Lol same here! migrane + 2 sqwarking budgies = ouch  lol 

I'm 23, and also the baby. Looking to move in with my partner soon though, and then I get to have all the furbabies I want  lol

I'd love a dog - keep working on my mum, but ours had to be put to sleep nearly 2 years ago now, and she wont have another as she says its too much heartache when they go  

My OH doesn't know what he's letting himself in for :devil:


----------



## LostGirl (Jan 16, 2009)

Hope your mum gives in soon. He sounds like he would be so much better off with you!
Thankfully i dont live at home (although mum likes to know/be in control of things at times still lol!) so i can just bring animals home! My next animal i want is a frog lol!


----------



## Melysia (Feb 9, 2009)

Any look on the rehoming front?


----------



## Guest (Mar 30, 2009)

Melysia said:


> Any look on the rehoming front?


No sadly not  my sister in-law would glady let me have him tomorrow... she even threatened to let him out of the cage outside when it's summer so he'd fly away  but my brother wants to keep him... and my mum isn't happy about having another cage in the house *sigh*

I feel powerless, and I will be so angry if she does end up letting him go 'free' :frown2:


----------



## Tigerneko (Jan 2, 2009)

hehe I have a budgie and two zebra finches in my bedroom and it's like waking up to a rainforest some days!

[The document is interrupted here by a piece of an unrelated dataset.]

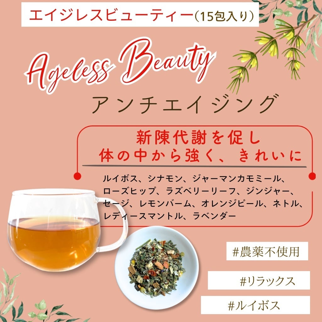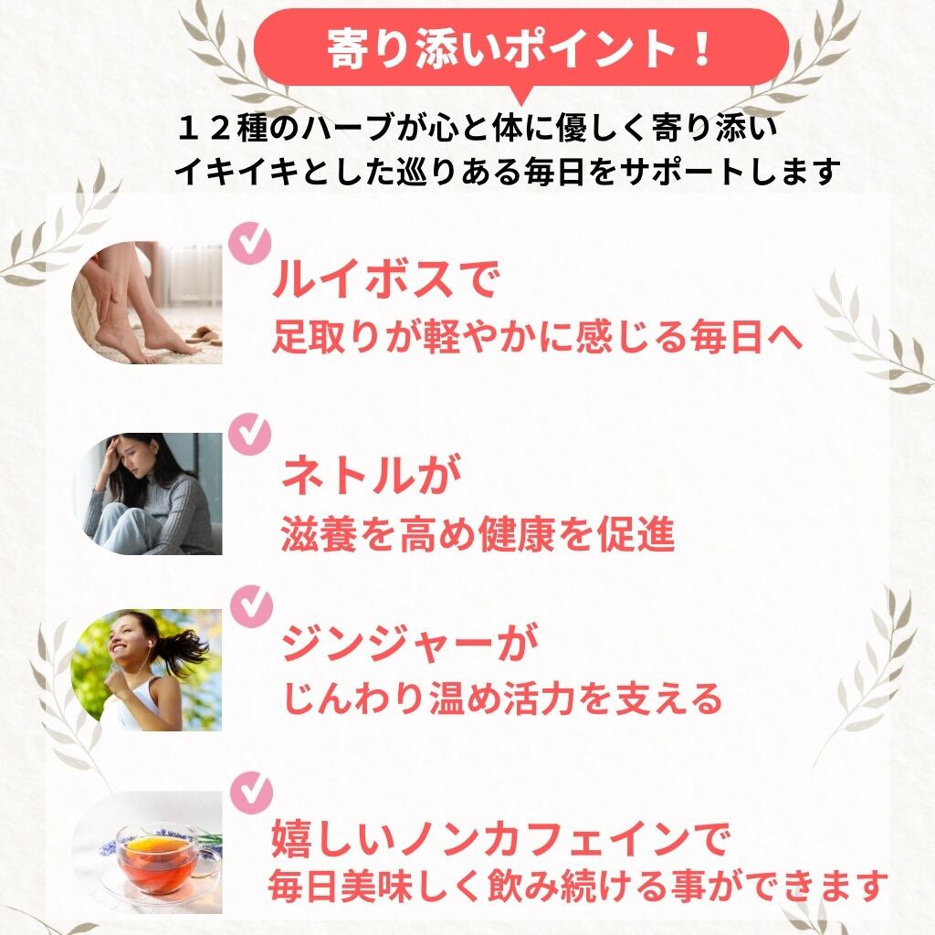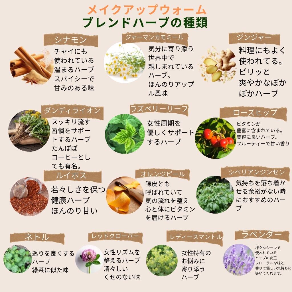 ルイボス、シナモン、ジャーマンカモミール、ローズヒップ、ラズベリーリーフ、ジンジャー、セージ、レモンバーム、オレンジピール、ネトル、レディースマントル

Now you might think that's lovely, but when you're trying to have a lie in and all you can hear is the bloody dawn chorus in your ear, it's not always so great LOL I don't tend to cover them up just because it's a lot of fuss and my room doesn't tend to get cold, so they don't _need_ covering up. I don't really mind the chirping all that much though, it just gets a little bit too much from time to time


----------